Slashdot Mirror


Are Review Scores Pointless?

donniebaseball23 writes: With Eurogamer being the latest popular video games site to ditch review scores, some are discussing just how valuable assigning a score to a game actually is these days. It really depends on whom you ask. "I've always disliked the notion of scores on something as abstract and subjective as games," says Vlambeer co-founder Rami Ismail. From the press side, though, former GameSpot editor Justin Calvert still believes in scores. "I've been basing my own game-purchasing decision on reviews ever since I picked up the first issue of Zzap! 64 magazine in the UK almost 30 years ago," he says, while admitting that YouTube is certainly changing the landscape today: "There's something very appealing about watching a game being played and knowing that the footage hasn't been edited in a way that might misrepresent the experience."

5 of 135 comments (clear)

  1. Meta scores and user's meta scores by Deffexor · · Score: 4, Informative

    I've found Metacritic to be a good aggregator of scores, but more importantly, the "users" scores (and reviews) tend to be more reliable in terms of not being overly critical of games that are generally pretty good, but don't meet the expectations of "hard core" gamers.

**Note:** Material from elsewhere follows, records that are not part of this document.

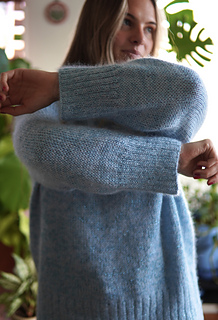 This sweater is written to have 8-9”/20.5-23 cm of positive ease, meaning it will be 8-9 “/20.5-23 cm larger than your widest upper body circumference. The sizes XS (S) M (L) XL (2XL) 3XL (4XL) 5XL are designed to fit an upper body chest circumference of 28-30 (32-34) 36-38 (40-42) 44-46 (48-50) 52-54 (56-58) 60-62 “/ 71-76 (81-86) 91-97 (102-107) 112-117 (122-127) 132-137 (142-147) 152-157 cm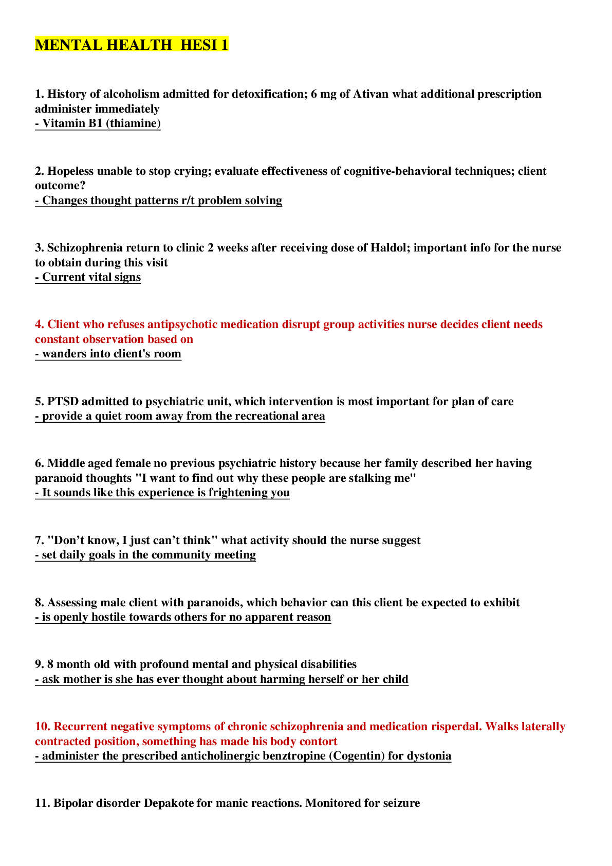 *NURSING> HESI > Mental Health HESI 7 (All)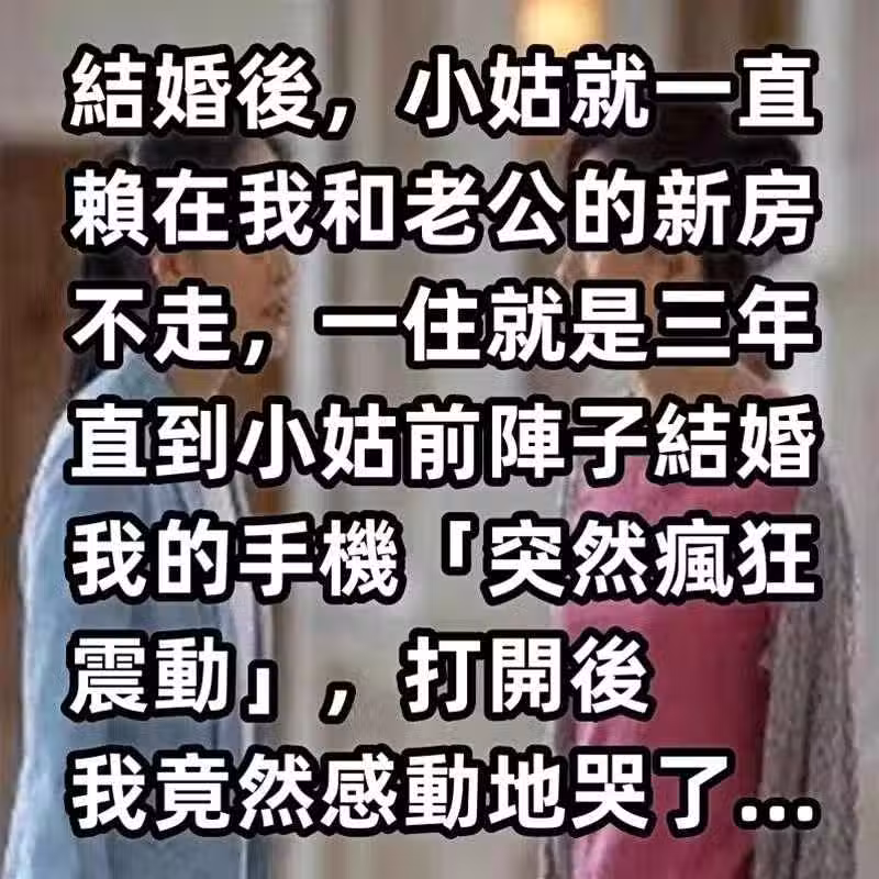 結婚後, 小姑就一直賴在我和老公的新房不走,一住就是三年。直到小姑前陣子結婚,我的手機「突然瘋狂震動」,打開後我竟然感動地哭了…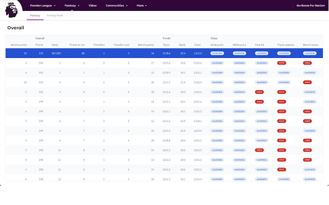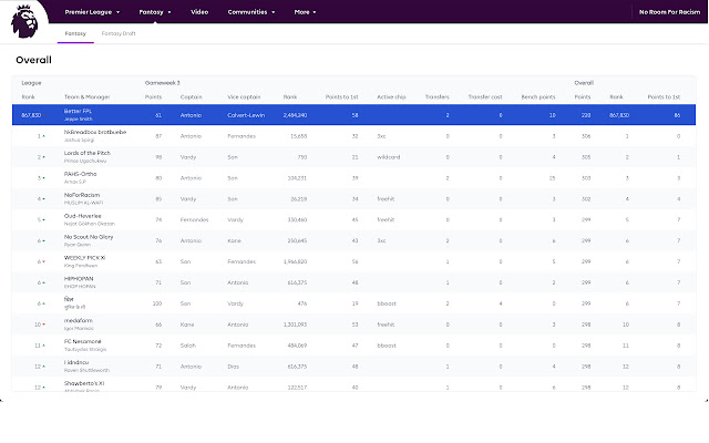 您还可以更好地跟进您的联赛,在那里您可以看到每个人都担任队长,他们到目前为止有多少分,以及他们还有多少球员可以上场。此外,您还可以查看谁在替补席上得分最多。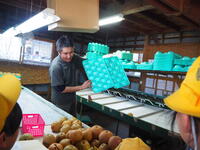 選果機も見学。梨はないので、いろいろな野菜を選果機に乗せ、重さによって分別される様子を見学しました。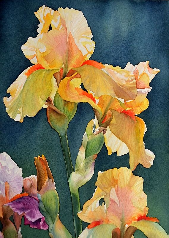 Żółte irysy, 27 x 39 cm. Przydługawy film, który nagrywałem podczas malowania można zobaczyć tutaj: http://www.youtube.com/watch?v=6vUkZ4otcf8 Można tez śledzić moje poczynania na Facebooku tutaj: https://www.facebook.com/KrzysztofKowalskiWatercolorist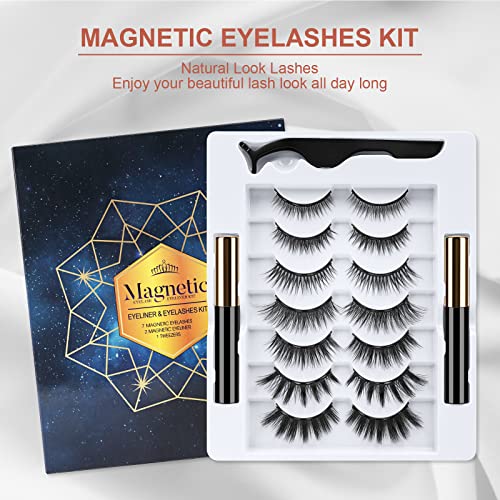 URAQT Ciglia Finte Magnetiche e Eyeliner Magnetico Kit, 7 Paia Ciglia Magnetiche Impermeabile Naturali, Set di Ciglia Finte Riutilizzabili di Effetto 3D

    1. Re:Meta scores and user's meta scores by jclarker6 · · Score: 5, Informative

      Totally agree with this. And taking it a step further one could say any single score on it's own is not that reliable, when taken in aggregate the cream definitely rises to the top

    2. Re: Meta scores and user's meta scores by Anubis+IV · · Score: 4, Informative

      I'd go even further than that and say that it depends on the type of scale being used as well.

      When it comes to user reviews, if the reviews are thumbs up or down, I'll do the same as you and read the thumbs down reviews first, since it's easier to filter out the extreme reviewers and get a sense for the common issues. If it's a 5-point scale, I'll read through the 2s and 4s, since those reviews can give you a quick understanding of the pros and cons for the product, without nearly the level of overstatement that you'll need to filter through in the 1s and 5s. And I don't even bother reading reviews based on 10-point scales, since the way that everyday users grade on a 10-point scale is arbitrary to the point of uselessness (e.g. some people treat it like a 5-point scale with better granularity, while others treat it like an academic scale).

  2. Game reviews have always been broken by Piata · · Score: 4, Interesting

    Almost no games get below 40, while any game that doesn't get 80 or more is considerd a failure. Then you have people giving games 3 out of 5 stars which translates to a score of 60, which skews things even more. Plus tent pole games like CoD can be executed extremely well but offer nothing new so how do you review that? There are games with low interaction (point and click) or high interaction (RTS). How do you compare one against the other? Good reviews are also often given despite massive bugs, incomplete games being released or week 1 launch disasters (like Diablo III).

    It's issues like that which make me understand the no score review trend.

  3. Steam User Score beats traditional scores by Holammer · · Score: 4, Interesting

    The Steam User Score is currently my most trusted metric for how good a game is, something which is considered "overwhelmingly positive" with a couple thousand user reviews is usually a worthy purchase.
    For non-steam users, imagine Metacritic except you can only submit your score/review if you own the actual game and it's either thumbs up or down.